AI-Written Stereophile Articles


Has anyone else noticed that some of Stereophile's articles are sounding decidedly "off" and just plain badly written? I have now read several that sound suspiciously like they're AI generated (bizarre phrasing, odd syntax, etc.). Just curious if others are noticing the same.

bojack

For those whose careers were not involved in the large corporate business world and its motivations, you can be sure that AI was created by persons interested in one thing, to make as much money as possible.  Their goal envisions the replacement of jobs being manned by people with computers so the cost of employing people will be reduced as they are eliminated.

Costs will be reduced even more than outsourcing work to other countries.

 

 

I have an absolute disgust for anything AI. Articles, photos, video with AI narrators, immediately gets reported as false/misleading information.

+++@bolong, @nonoise

Fun experiment (or perhaps desecration): train AI to write like Harry Pearson.
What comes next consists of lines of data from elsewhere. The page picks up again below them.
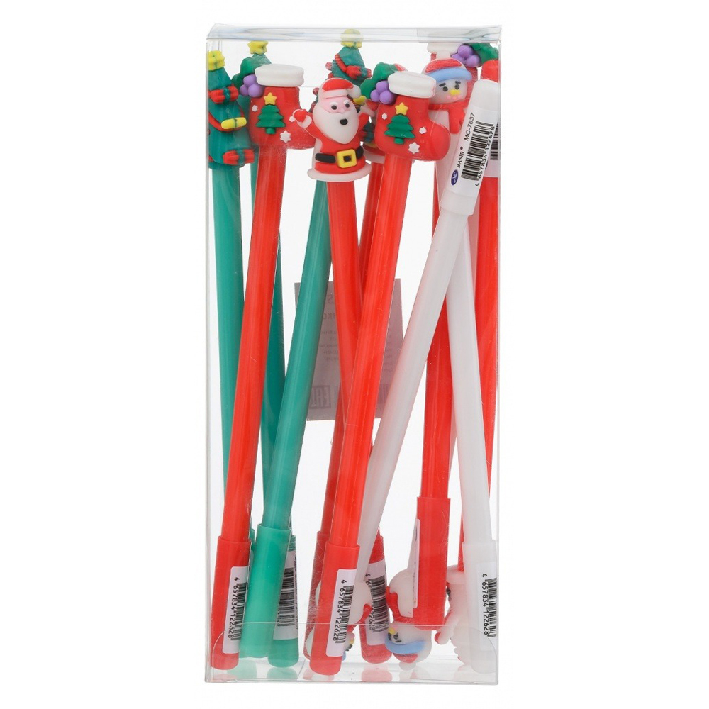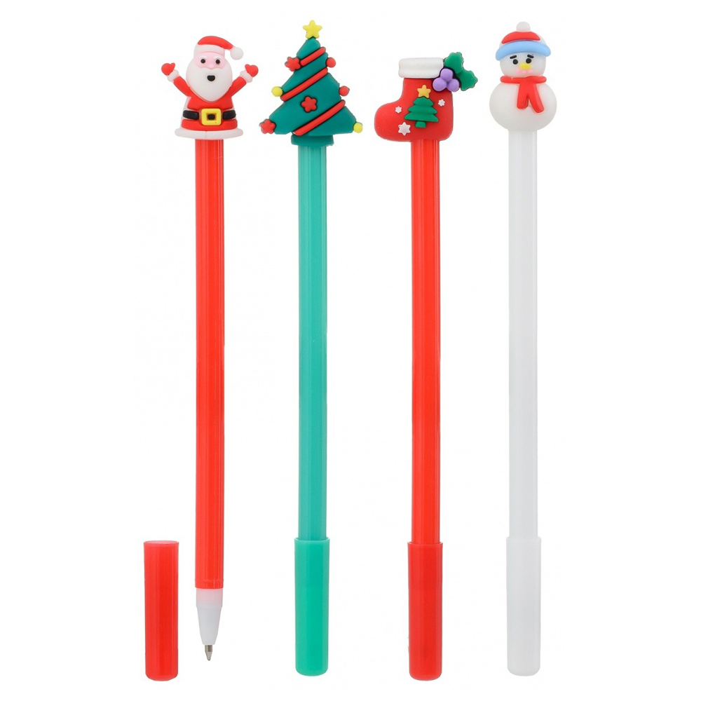 Шариковая ручка: детская; "НОВОГОДНИЕ"; цветной корпус /ассорти/, съёмный прорезиненный наконечник-Дед Мороз, ёлка, снеговик, сапог, в пластиковой упаковке, цвет чернил-синий.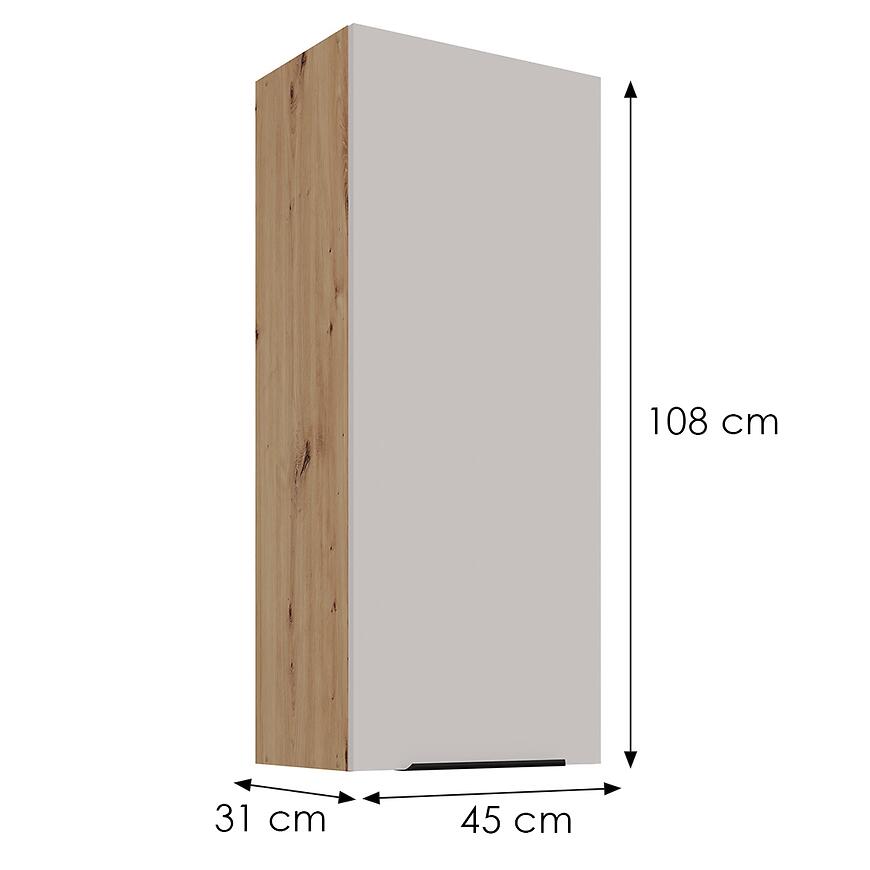 Szafka kuchenna Solea cashmere/artisan to propozycja dla osób, które szukają harmonijnego połączenia estetyki, trwałości i praktycznego przechowywania w kuchni. Model należy do kolekcji SOLEA i został zaprojektowany jako szafka kuchenna górna, idealna do zabudowy nowoczesnych oraz klasycznych aranżacji. Beżowe fronty w kolorze cashmere wprowadzają do wnętrza ciepło i subtelną elegancję, a jasny, drewnopodobny korpus w wybarwieniu dąb artisan doskonale je uzupełnia. Matowe wykończenie frontów i korpusu podkreśla spokojny charakter kuchni oraz ogranicza widoczność odcisków palców, co jest istotne w codziennym użytkowaniu.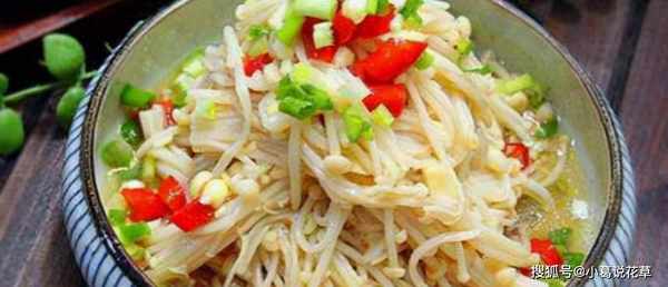 材料:新鲜金针菇500克,小葱适量,红辣椒碎少许。调味盐1/2茶匙,味精1/2茶匙,白糖少许,白醋少许,春油2茶匙。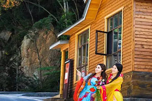 老界嶺為游客準(zhǔn)備了漢服;邀請知名攝影家、模特(七仙女)現(xiàn)場拍照;穿漢服;看表演、品美食、住木屋;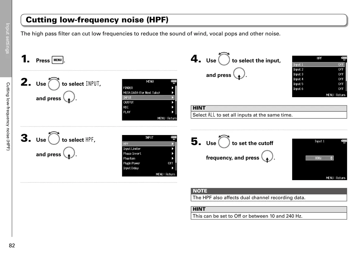 The high pass filter can cut low frequencies to reduce the sound of wind, vocal pops and other noise.
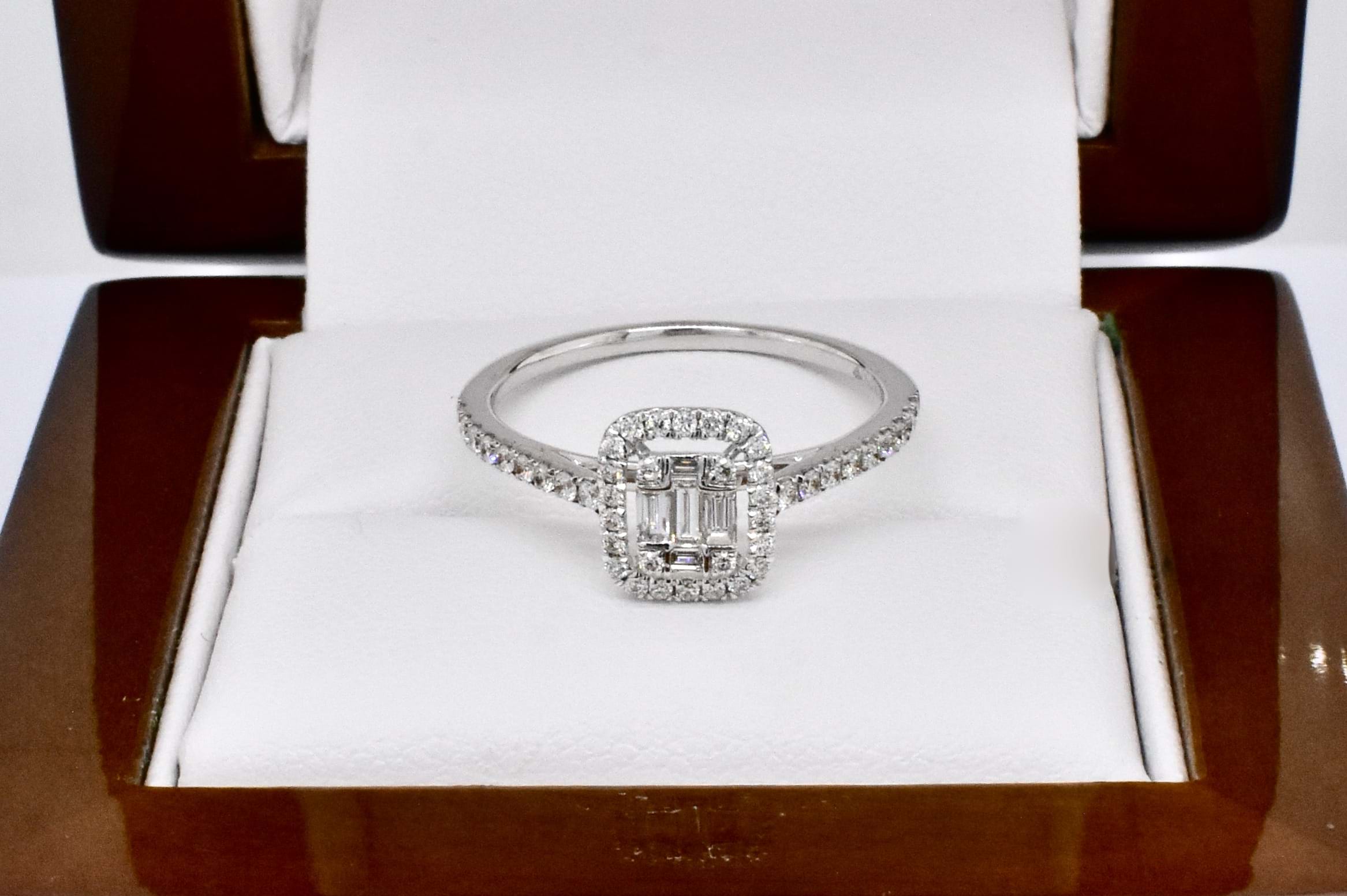 SOLD 18ct White Gold 0.40ct Baguette & Round Diamond Illusion Ring (M+)

I still have mint copies of TAS from the age of innocence before CD. 

AI done right is good for certain things. They tend more to be objective not subjective things.

So in the case of hifi audio I could see using AI to help get facts straight in a product review. It may even be possible for AI to provide an accurate assessment of what something truly sounds like. People are more error prone doing that and less reliable if the AI is done right.

However people are very good at offering opinions. AI might do that also . In which case then the question becomes whose opinions will you value most? Nothing new there.